Берлинская тетрадь
Шрифт:
– Сумасшедшие, свиньи, мерзавки! - кричали нам полицайки. - Всех вас сейчас выведут из блока и расстреляют!
Но мы стояли твердо. Тогда эсэсовки начали, хватая за руки, перебрасывать женщин в другую половину барака, чтобы увидеть тех, кого наметили в "черный транспорт".
После долгих попыток, пустившись на хитрость, надзирательницы все-таки захватили намеченные жертвы. Мы же выстроились перед блоком и отправились к зданию комендатуры, чтобы еще раз заявить о нашем протесте. Мы кричали, что хотим говорить с комендантом
И вот он вышел к нам на крыльцо комендатуры, толстый, грузный, и встал, широко расставив ноги, смотря на нас сверху вниз.
– Кто говорит по-немецки? - крикнул он.
– Я, - ответила Евгения Лазаревна и вышла вперед. - Вы не имеете права так обращаться с нами. Мы - военнопленные.
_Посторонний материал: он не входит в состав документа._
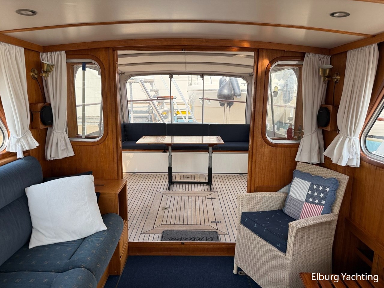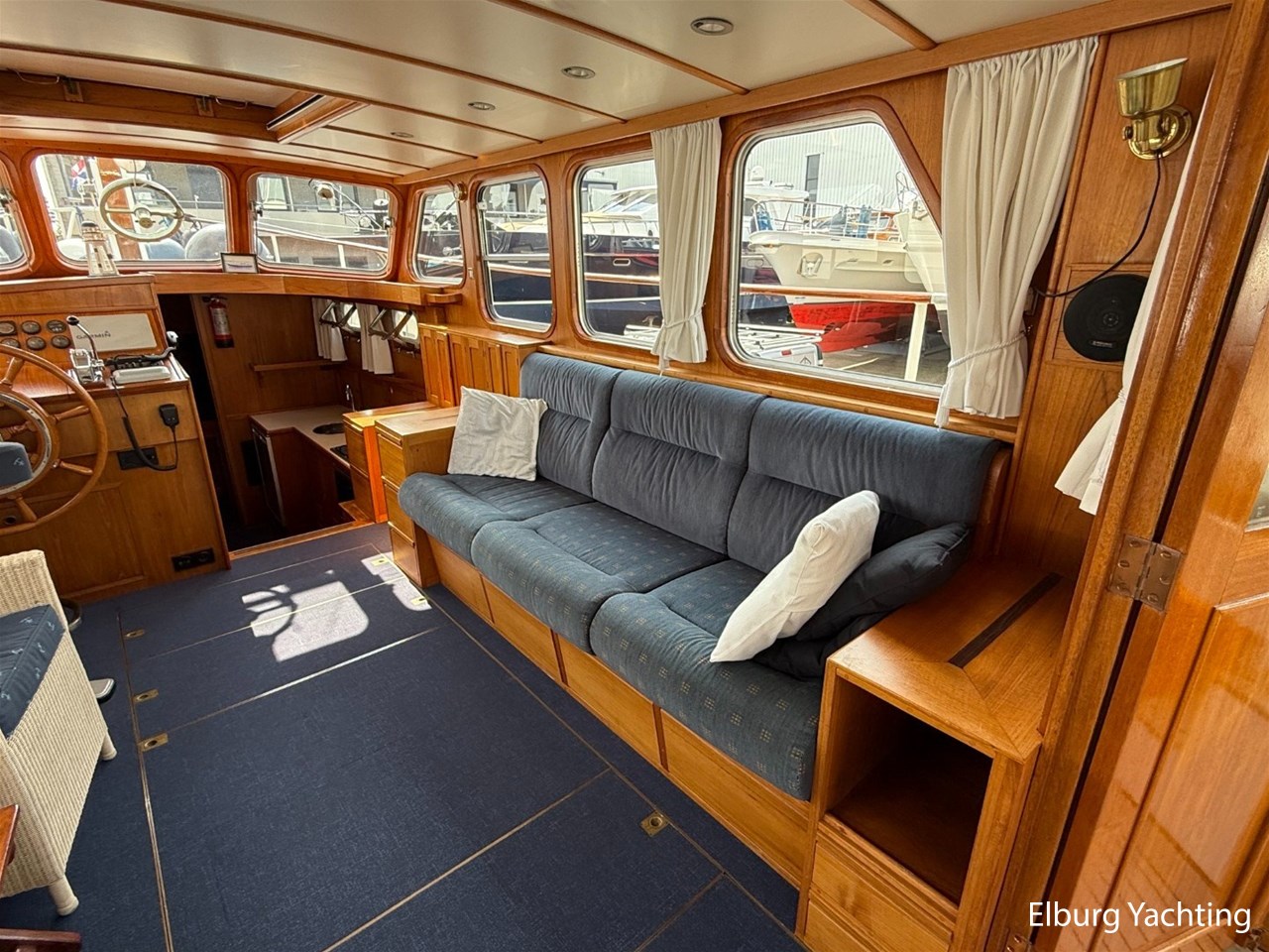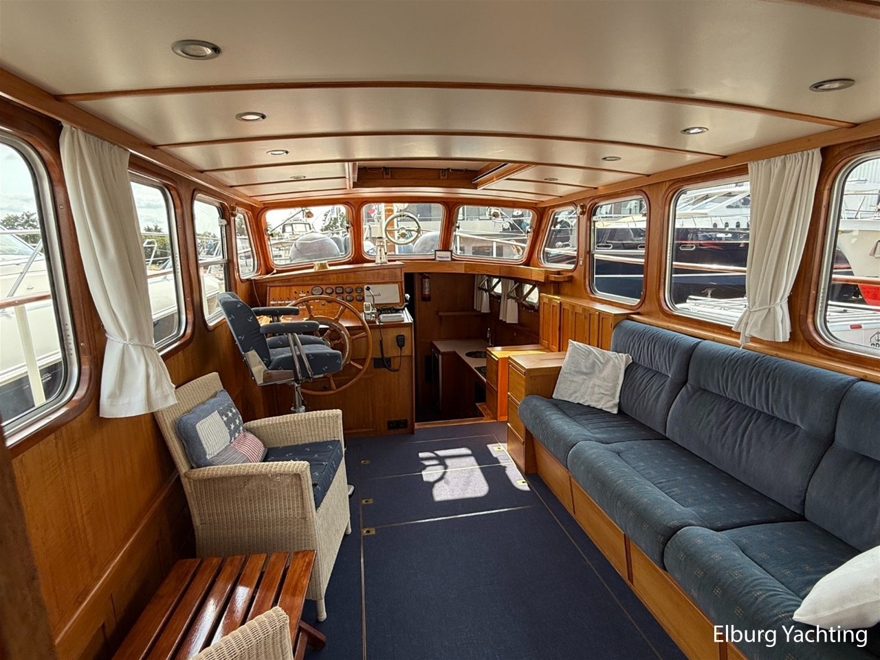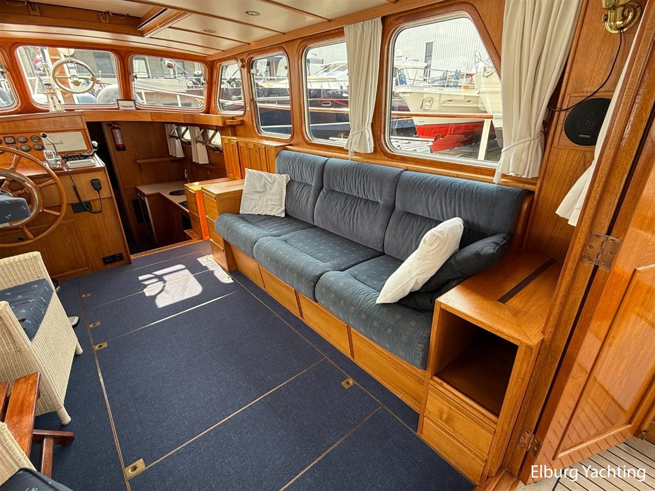 - Scheeps Teakhouten interieur met blauwe bekleding en recente blauwe vloerbedekking
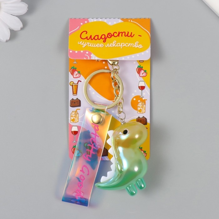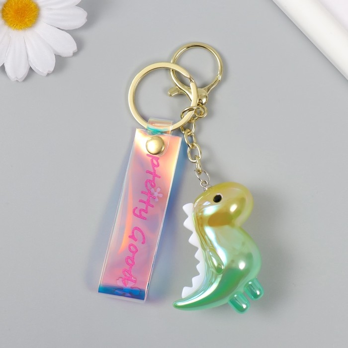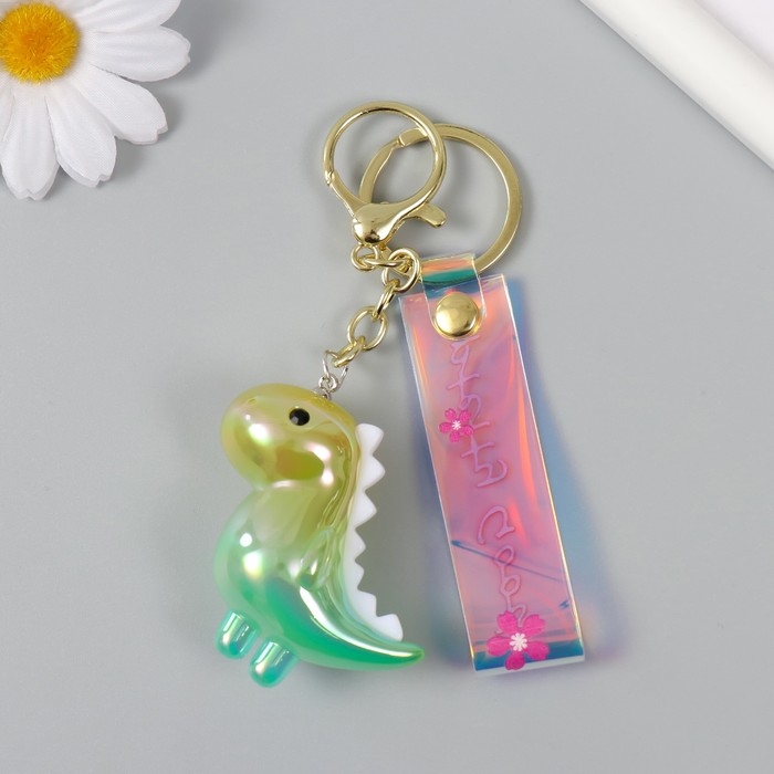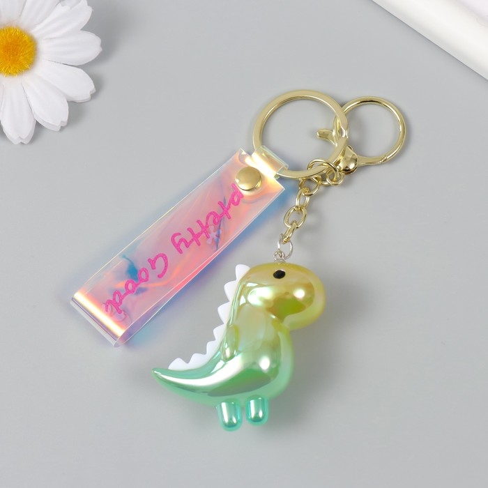 Брелок пластик с карабином, ремешком "Динозаврик" зелёный 2,5х5,5х5 см

Существует международная конвенция по обращению с военнопленными. Ни один закон на свете не разрешает убивать, сжигать заживо ослабевших, больных людей. Мы протестуем против "черного транспорта".
Но комендант не слушал ее. Он тотчас ушел в здание, а из ворот лагеря появились немецкие автоматчики. Наставив на нас автоматы, они стали перед колонной.
Вот тогда снова появился комендант и закричал:
– Прочь отсюда, все назад в блок, не уйдете - расстреляю как собак!
Переводчица из комендатуры тоже уговаривала нас:
– Дивчины, ходьте на блок, ходьте на блок!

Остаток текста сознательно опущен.